Study material Block Start

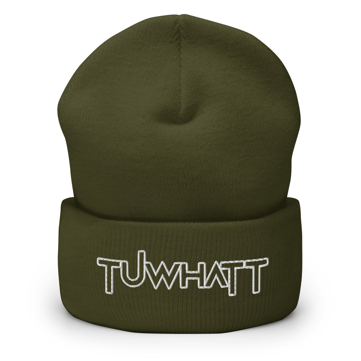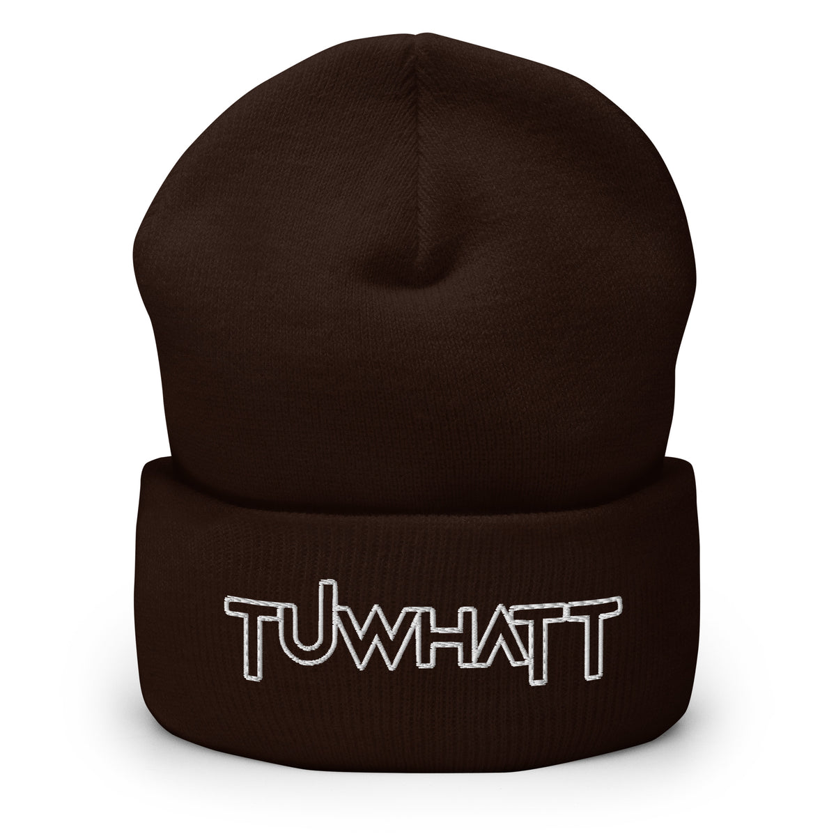 Product mockup Unisex knitted beanie hat with embroidered TuWhatt logo available in various colors
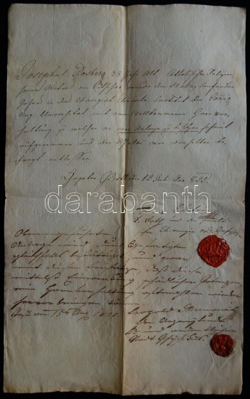 1825 Eckstein Ferenc orvosdoktor, császári és királyi tanácsos, Somogymegye táblabirája álta alíárt viaszpecsétes bizonyítvány
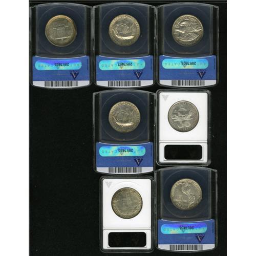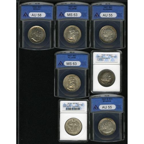 <B>1921<50C> Alabama AU55 ANACS,</B></I> ample luster, slight wear on the centers; <B>1893 Columbian--Cleaned--ANACS, AU58 Details,</B></I> lustrous but hairlined, peripheral aqua toning, the 3 in the date is lightly repunched; <B>1923-S Monroe AU55 ANACS,</B></I> friction on Adams' cheekbone confirms brief handling; <B>1920 Pilgrim MS63 ANACS,</B></I> wispy field marks below the motto, lemon and ice-blue patina; <B>1921 Pilgrim MS63 ANACS,</B></I> lustrous, attractive, gentle golden-gray toning; <B>1936-D San Diego--Cleaned--ANACS, MS60 Details,</B></I> lightly hairlined, medium chestnut and powder-blue tints; and a <B>1926 Sesquicentennial AU58 ANACS,</B></I> lustrous and pleasing for the grade.
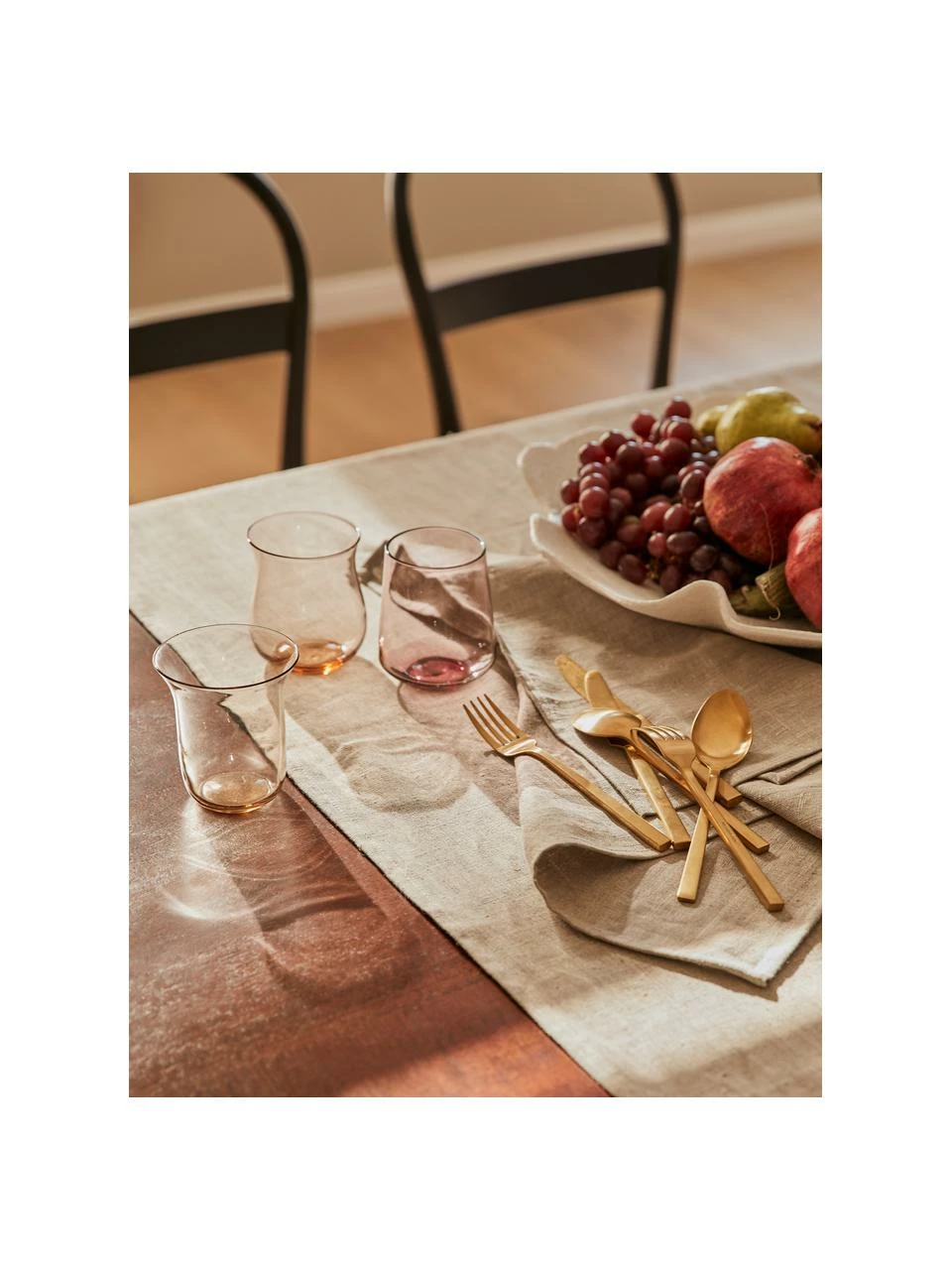 – 6 petits verres à eau soufflés bouche, de formes et couleurs différentes
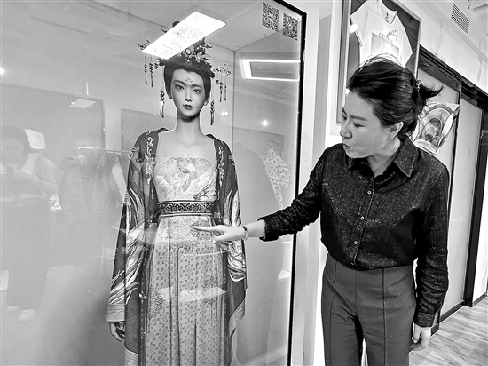 姜釗創(chuàng)新工作室設(shè)計的數(shù)字人“錦”身高1.7米,神態(tài)栩栩如生,服飾雍容華貴,紋理纖毫畢現(xiàn)。本報記者 程莉莉 攝
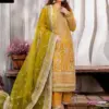 - Top: The Georgette top boasts intricate embroidery in a beautiful shade of Mustard, complemented by Lemon contrast detailing that adds a vibrant twist to your ensemble. With its elegant design and luxurious fabric, the top exudes sophistication and grace, making you the center of attention at any event.
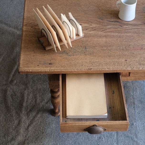 古い塗装を剥がした無塗装仕上げです。木地そのままのナチュラルな風合いです。
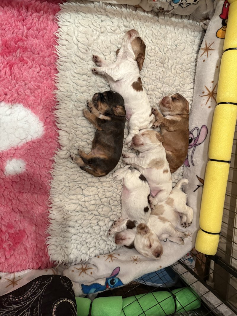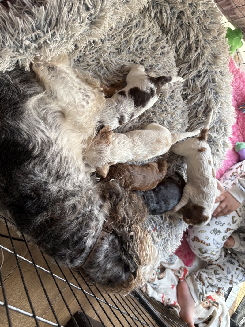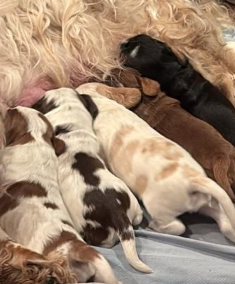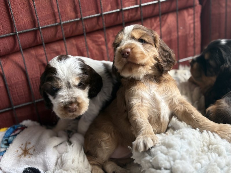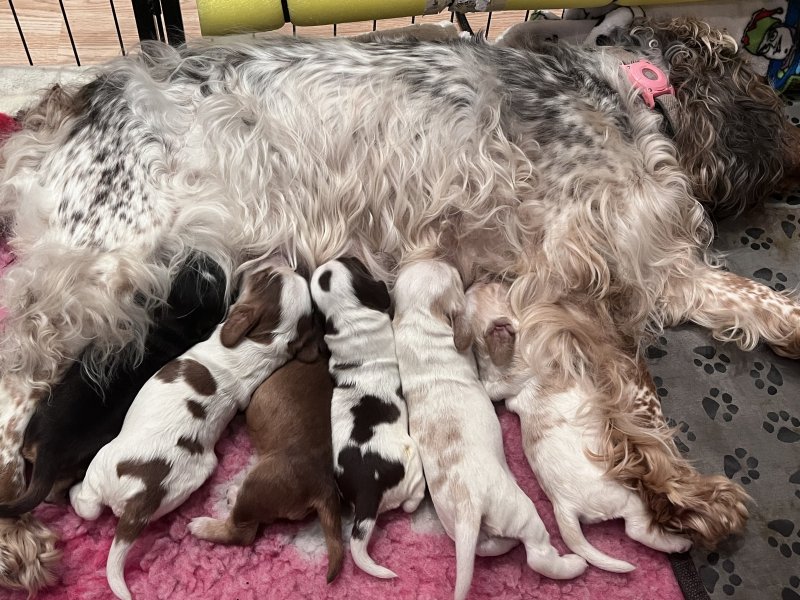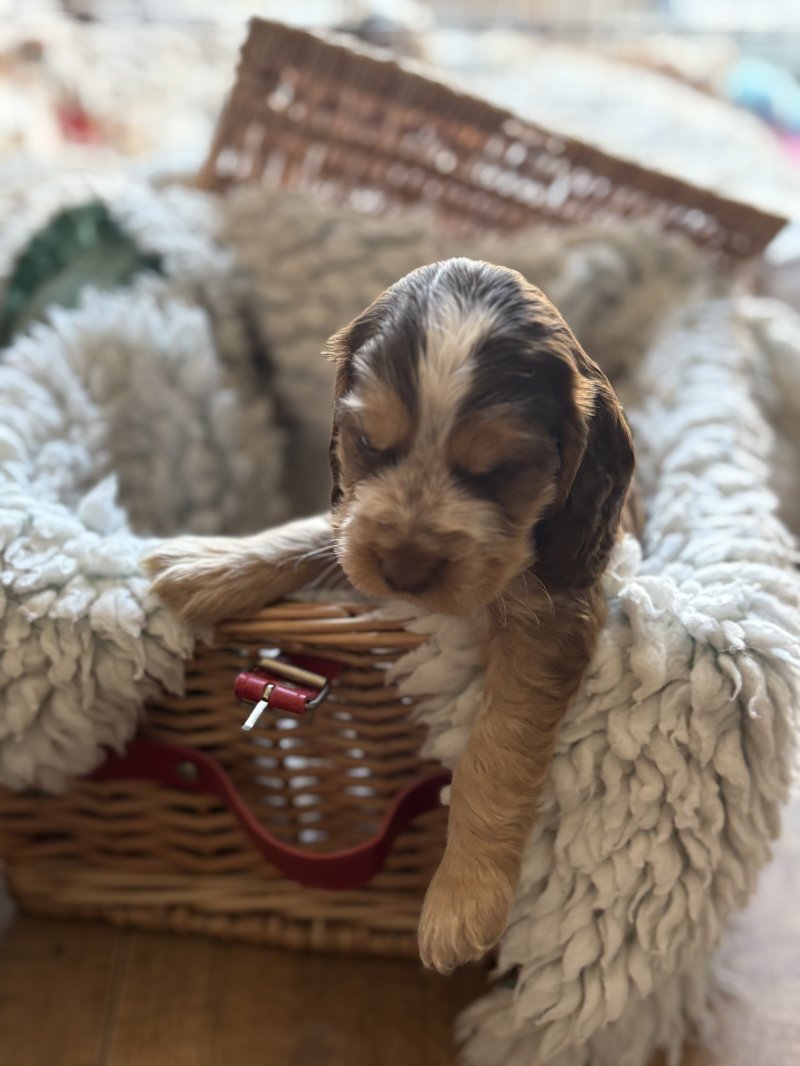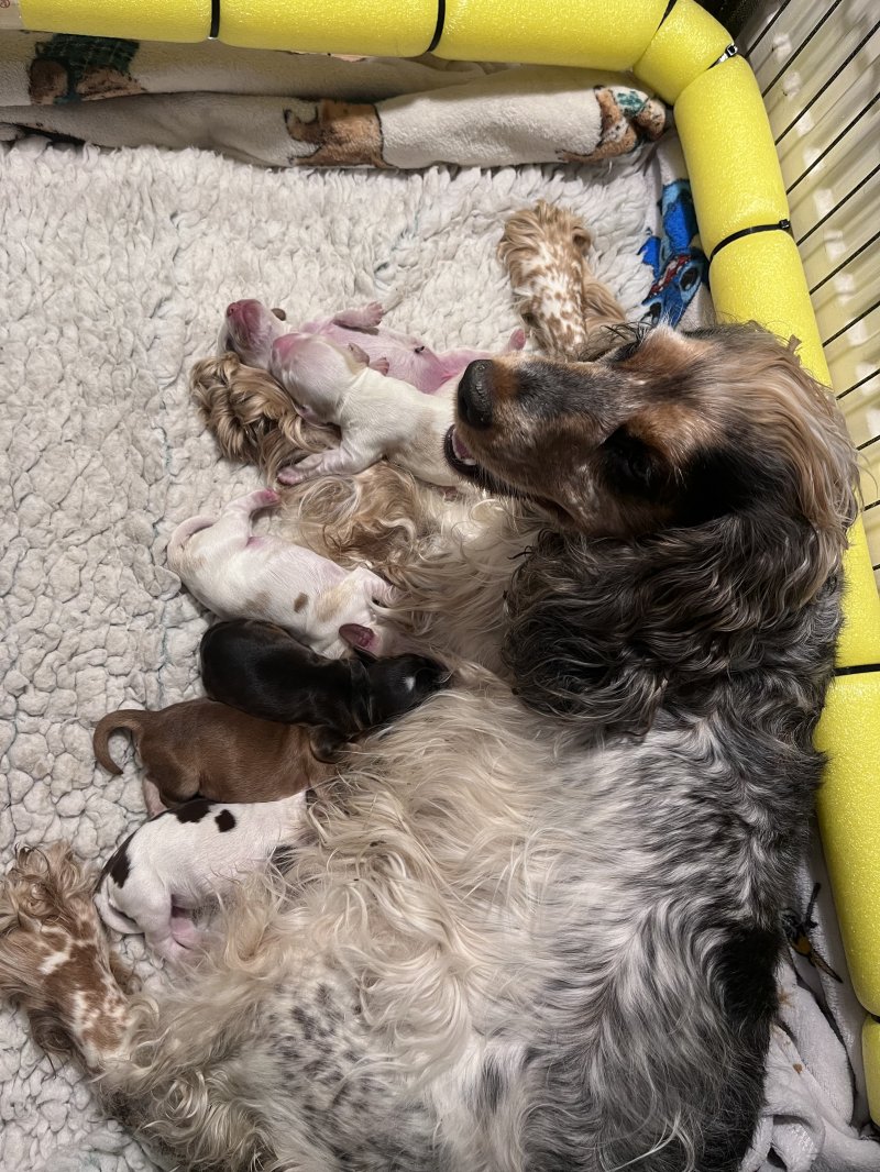 My beautiful KC registered show cocker spaniel Daisy has had a stunning litter of 6 gorgeous puppies in a range of rare and striking colours.
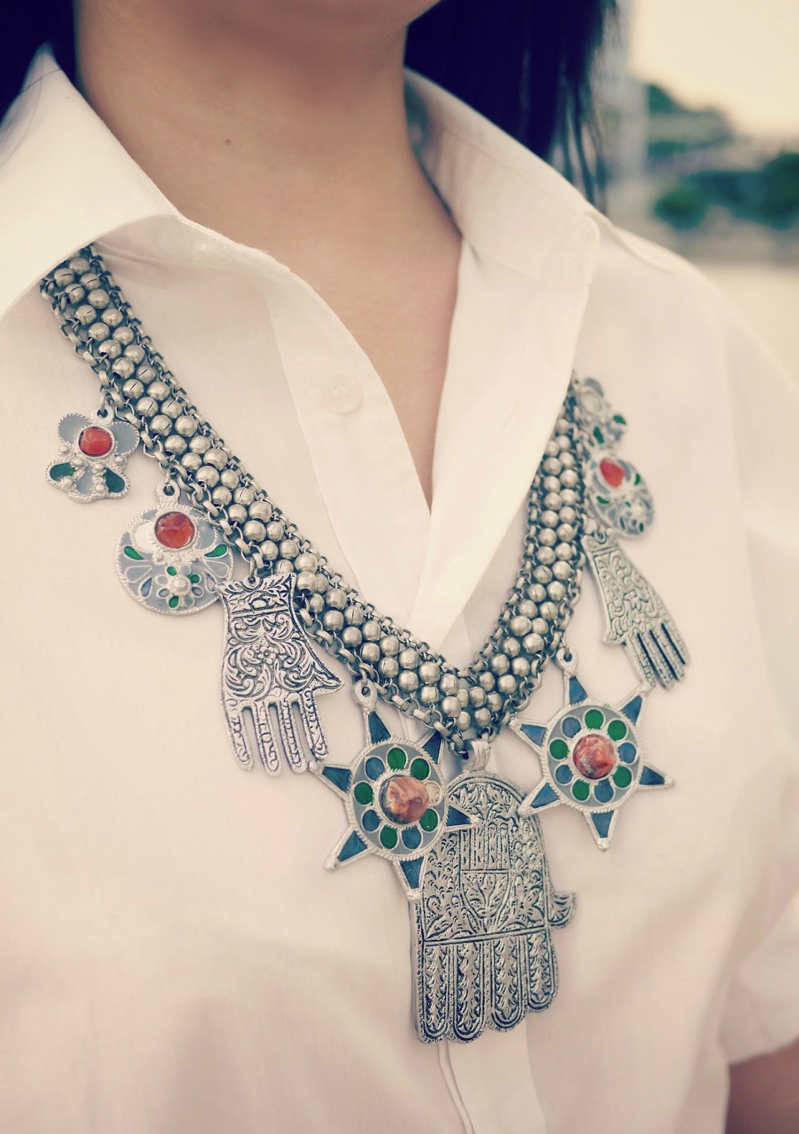 比比的 时尚日记 ❤ 小露性感白色小洋装 + 粉彩水晶质感项链
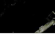 Das Baugerüst, dessen eine Ecke von einer nackten Birne beleuchtet wird, jetzt im Dunkel des Abends. Schwenk auf das Stadion. Die Lampen heben sich vom dunklen Hintergrund ab. /

Study material Block End

Every record, word for word, should be given back without its pictures.

▸ Result
 Product mockup Unisex knitted beanie hat with embroidered TuWhatt logo available in various colors
 1825 Eckstein Ferenc orvosdoktor, császári és királyi tanácsos, Somogymegye táblabirája álta alíárt viaszpecsétes bizonyítvány
 <B>1921<50C> Alabama AU55 ANACS,</B></I> ample luster, slight wear on the centers; <B>1893 Columbian--Cleaned--ANACS, AU58 Details,</B></I> lustrous but hairlined, peripheral aqua toning, the 3 in the date is lightly repunched; <B>1923-S Monroe AU55 ANACS,</B></I> friction on Adams' cheekbone confirms brief handling; <B>1920 Pilgrim MS63 ANACS,</B></I> wispy field marks below the motto, lemon and ice-blue patina; <B>1921 Pilgrim MS63 ANACS,</B></I> lustrous, attractive, gentle golden-gray toning; <B>1936-D San Diego--Cleaned--ANACS, MS60 Details,</B></I> lightly hairlined, medium chestnut and powder-blue tints; and a <B>1926 Sesquicentennial AU58 ANACS,</B></I> lustrous and pleasing for the grade.
 – 6 petits verres à eau soufflés bouche, de formes et couleurs différentes
 姜釗創(chuàng)新工作室設(shè)計的數(shù)字人“錦”身高1.7米,神態(tài)栩栩如生,服飾雍容華貴,紋理纖毫畢現(xiàn)。本報記者 程莉莉 攝
 - Top: The Georgette top boasts intricate embroidery in a beautiful shade of Mustard, complemented by Lemon contrast detailing that adds a vibrant twist to your ensemble. With its elegant design and luxurious fabric, the top exudes sophistication and grace, making you the center of attention at any event.
 古い塗装を剥がした無塗装仕上げです。木地そのままのナチュラルな風合いです。
 My beautiful KC registered show cocker spaniel Daisy has had a stunning litter of 6 gorgeous puppies in a range of rare and striking colours.
 比比的 时尚日记 ❤ 小露性感白色小洋装 + 粉彩水晶质感项链
 Das Baugerüst, dessen eine Ecke von einer nackten Birne beleuchtet wird, jetzt im Dunkel des Abends. Schwenk auf das Stadion. Die Lampen heben sich vom dunklen Hintergrund ab. /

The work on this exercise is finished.